• [WORK INSTRUCTION]:
Nothing but the lines from the first line of the records below to the line holding "Masked daddy jerking off before going to bed" belongs in the answer, copied exactly and without pictures.

[Entries taken from a collection]
_ _ _ _
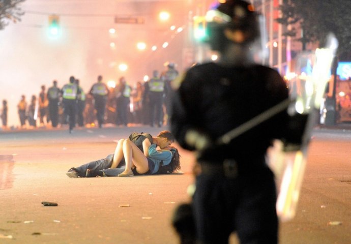 4. Australijanac Scott Jones ljubi svoju djevojku, Kanađanku Alexu Thomas, nakon što ju je na zemlju oborio policajac tokom nereda u Vancouveru. Kanađani su pravili nerede nakon što su Vancouver Canucksi izgubila Stanley Cup od Boston Bruinsa.
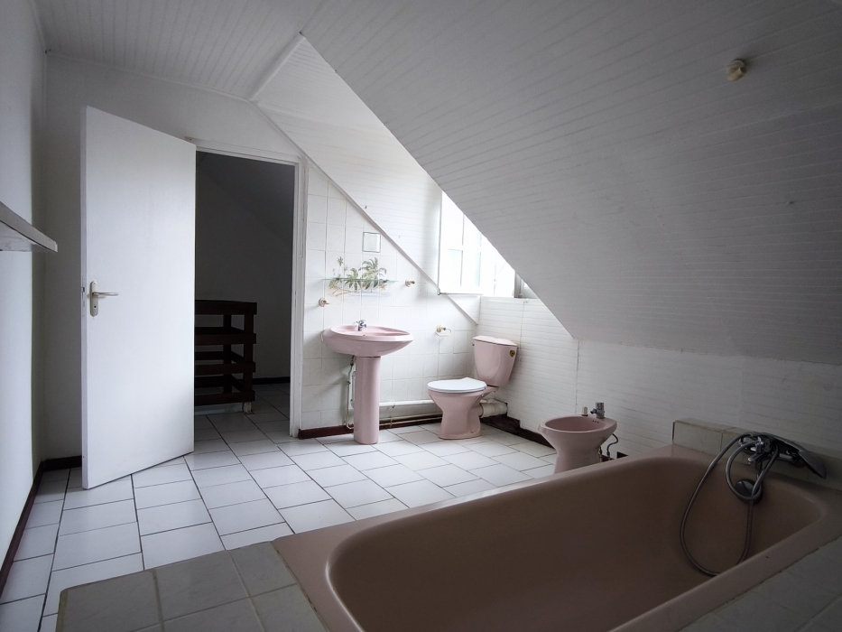 Au 1er étage : deux autres chambres qui se partagent une salle de bain avec WC et un dégaegement dans lequel on peut prévoir du rangement.
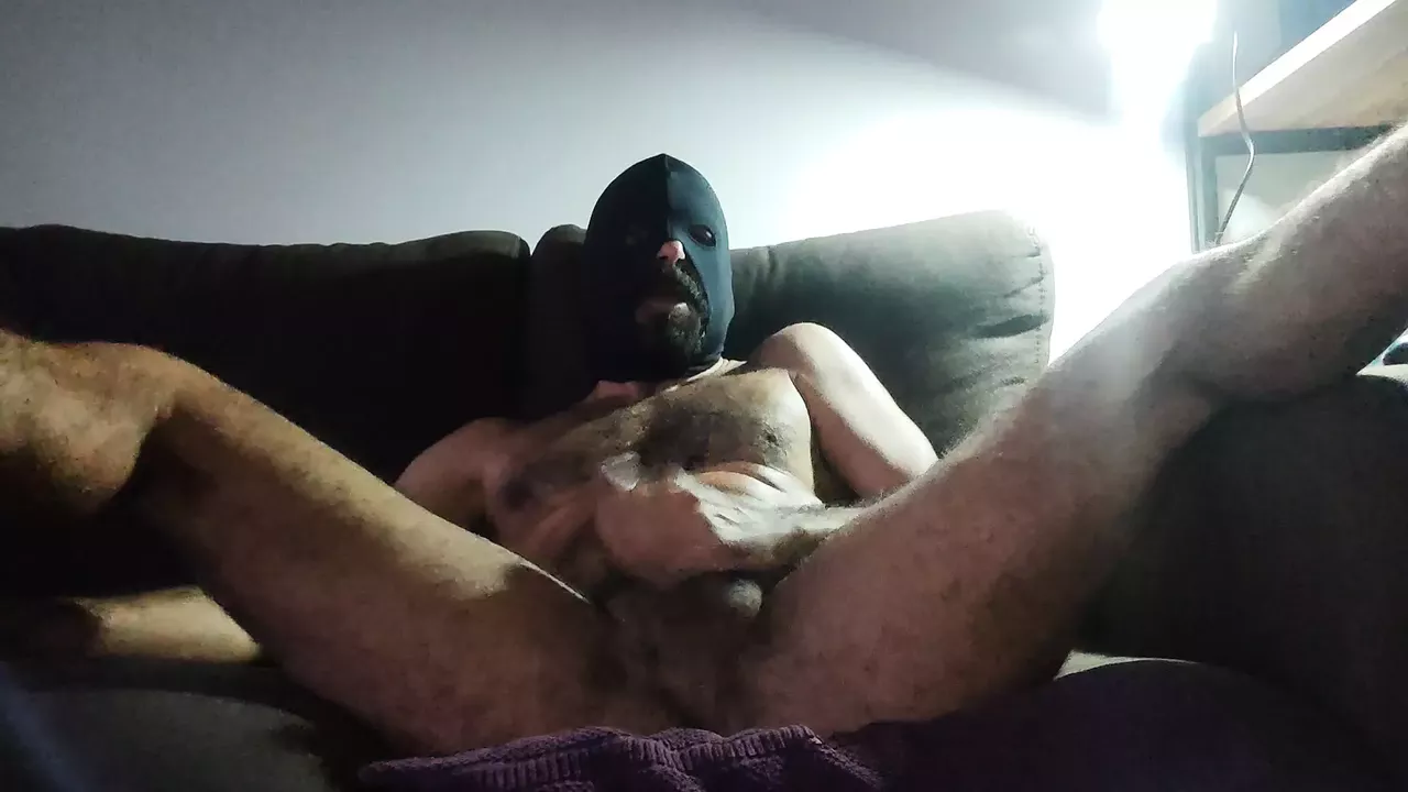 Masked daddy jerking off before going to bed
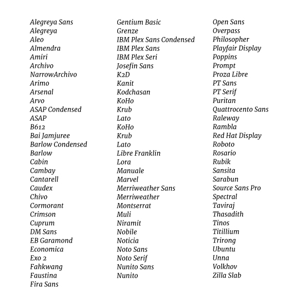 We included a very specific subset of fonts, because not all fonts are created equal. All the typefaces had to have at least four fonts: regular, bold, italic, and bold italic.With about 1000 typefaces to choose from, this narrows the range down considerably. Then, the font must include all the normal expected special characters and they have to be usable. Some fonts have special characters that look like they were borrowed from the left-over parts bin and don’t work well at all. Nothing is more frustrating for a designer who is setting type to have chosen a typeface, found a good typeface to pair with it after some time and effort only to be halfway through some project and realize there’s no em-dash, or to see an ampersand borrowed from some other font like Times or Arial, or not have a proper bullet or caret. We’ve made sure all the typefaces have those characters so you’ll never be left wondering! Typefaces used in the Preposterously Huge Book of Google Font Combinations that meet these specific and strict criteria include:
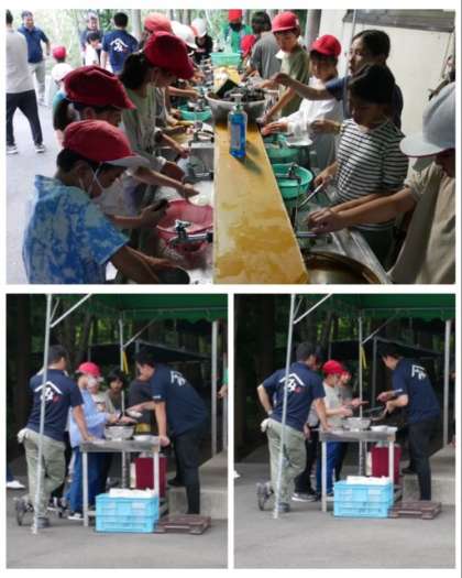 お鍋や飯盒の汚れをしっかり取り除けるまで宿舎の方の厳しいチェックがあります。
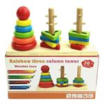 Wooden Rainbow Three Column Sorting Tower – Montessori Stacking & Learning Toy for Kids
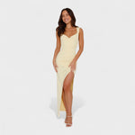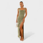 Haljina Constança redefinira sofisticiranost svojim drapiranim dekolteom i otvorenim leđima s mašnom. S uskom siluetom koja izdužuje figuru i bočnim prorezom za slobodu kretanja, idealna je za posebne događaje na kojima želite zasjati.
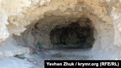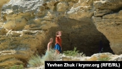 А ось залишки древніх стін, не так давно розкопаних археологами ‒ з 1990 року на Виноградному проводяться дослідження, знайдено кілька храмів, деякі наземні. Поблизу безліч печер ‒ частина розкопаного десять років тому монастирського комплексу, вчені припускають, що в них могли також бути храми або чернечі келії. Ченці вирощували тут виноград. Звідси й назва мису ‒ Виноградний. Вгорі на скелі в більш пізній період була багата садиба, кольорова кераміка й зараз зустрічається на схилах. Майже в усіх печерах влітку живуть люди. Чомусь мені зустрічаються переважно дівчата.
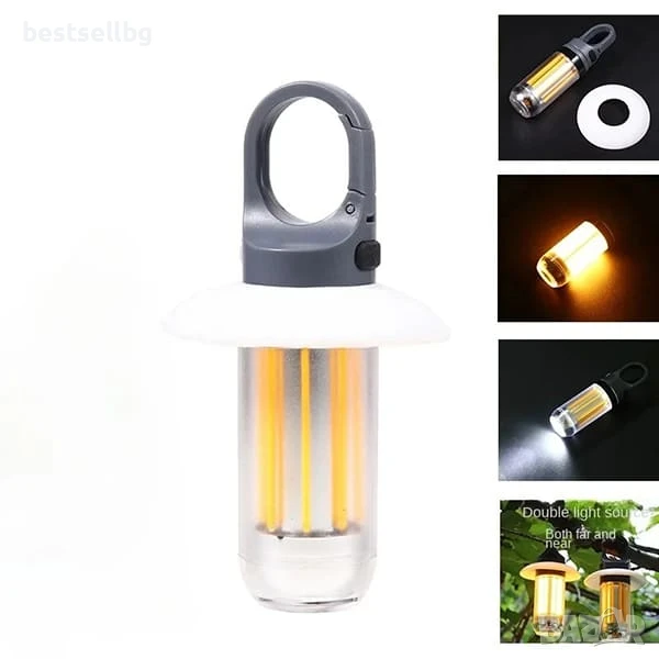 Тази компактна и мощна къмпинг лампа е вашият идеален спътник за всяко приключение на открито! Независимо дали сте на къмпинг, туризъм, риболов или просто се нуждаете от надежден източник на светлина, този иновативен уред 2 в 1 предлага гъвкавост и издръжливост, събрани в едно леко и удобно устройство.
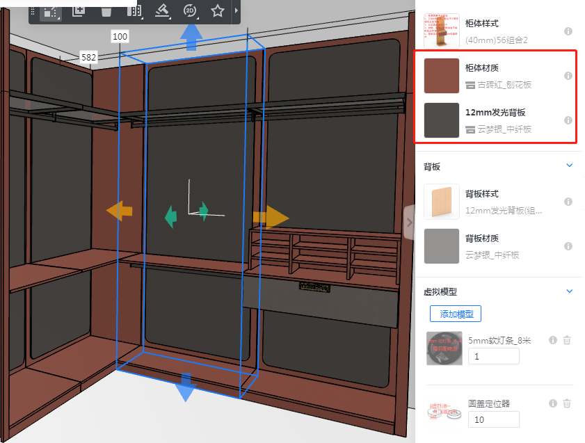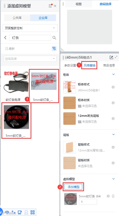 2.40厚56挂墙已包含8米5mm灯条,超出尺寸的灯条需要在虚拟五金里添加对应规格灯条。如图:
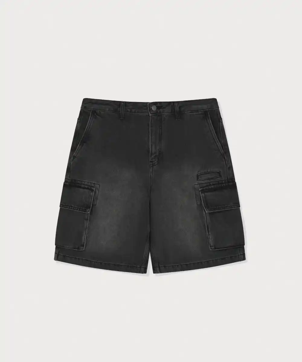 RING-SPUN WIDE CARGO DENIM SHORTS |
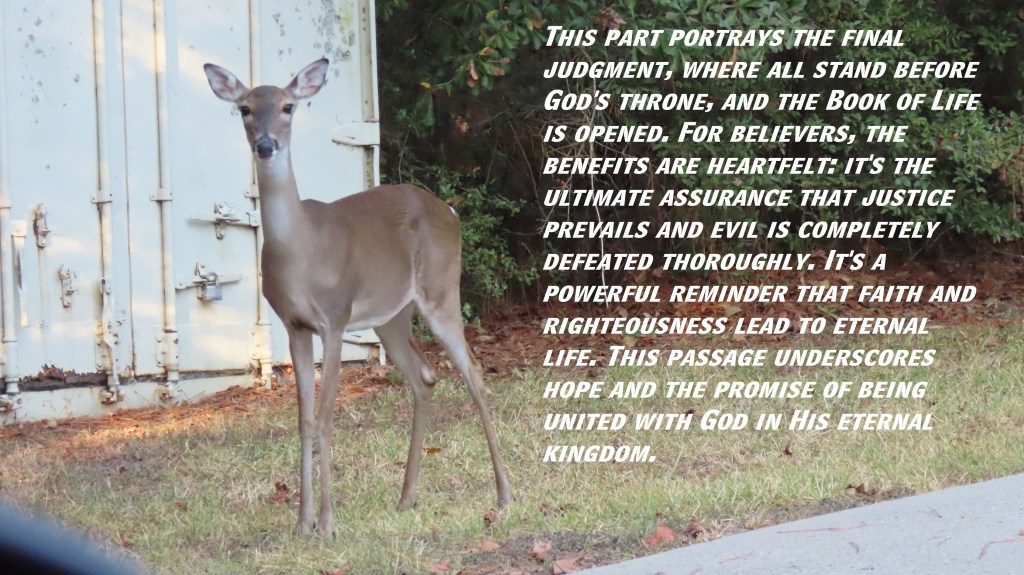 This part portrays the final judgment, where all stand before God’s throne, and the Book of Life is opened. For believers, the benefits are heartfelt: it’s the ultimate assurance that justice prevails and evil is completely defeated thoroughly. It’s a powerful reminder that faith and righteousness lead to eternal life. This passage underscores hope and the promise of being united with God in His eternal kingdom.
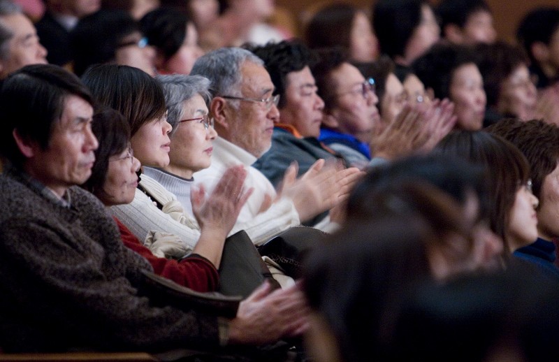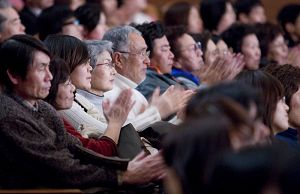 ![]() 神韵亚洲首站日本演出圆满落幕,全体观众起立长时间鼓掌、挥手、欢呼,向神韵纽约艺术团演员致意。 |
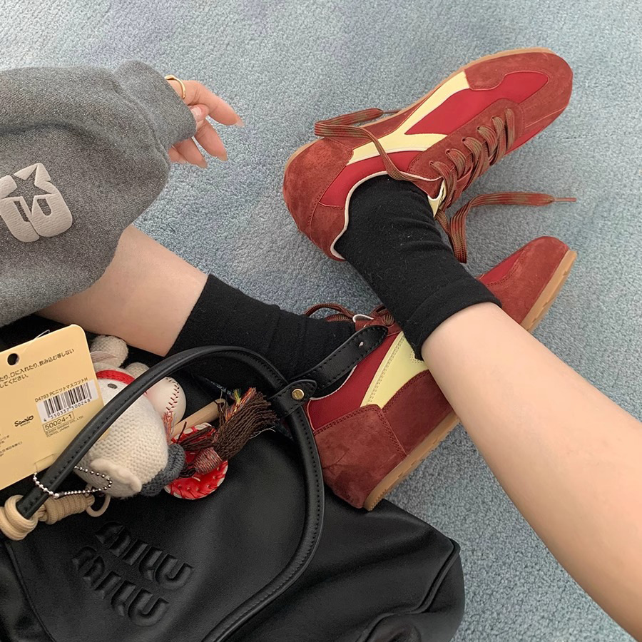 Квадратная голова ангольская красная доска обувь женская контрастная повседневная обувь на толстой подошве
_ _ _ _
• [RESULT]:
 4. Australijanac Scott Jones ljubi svoju djevojku, Kanađanku Alexu Thomas, nakon što ju je na zemlju oborio policajac tokom nereda u Vancouveru. Kanađani su pravili nerede nakon što su Vancouver Canucksi izgubila Stanley Cup od Boston Bruinsa.
 Au 1er étage : deux autres chambres qui se partagent une salle de bain avec WC et un dégaegement dans lequel on peut prévoir du rangement.
 Masked daddy jerking off before going to bed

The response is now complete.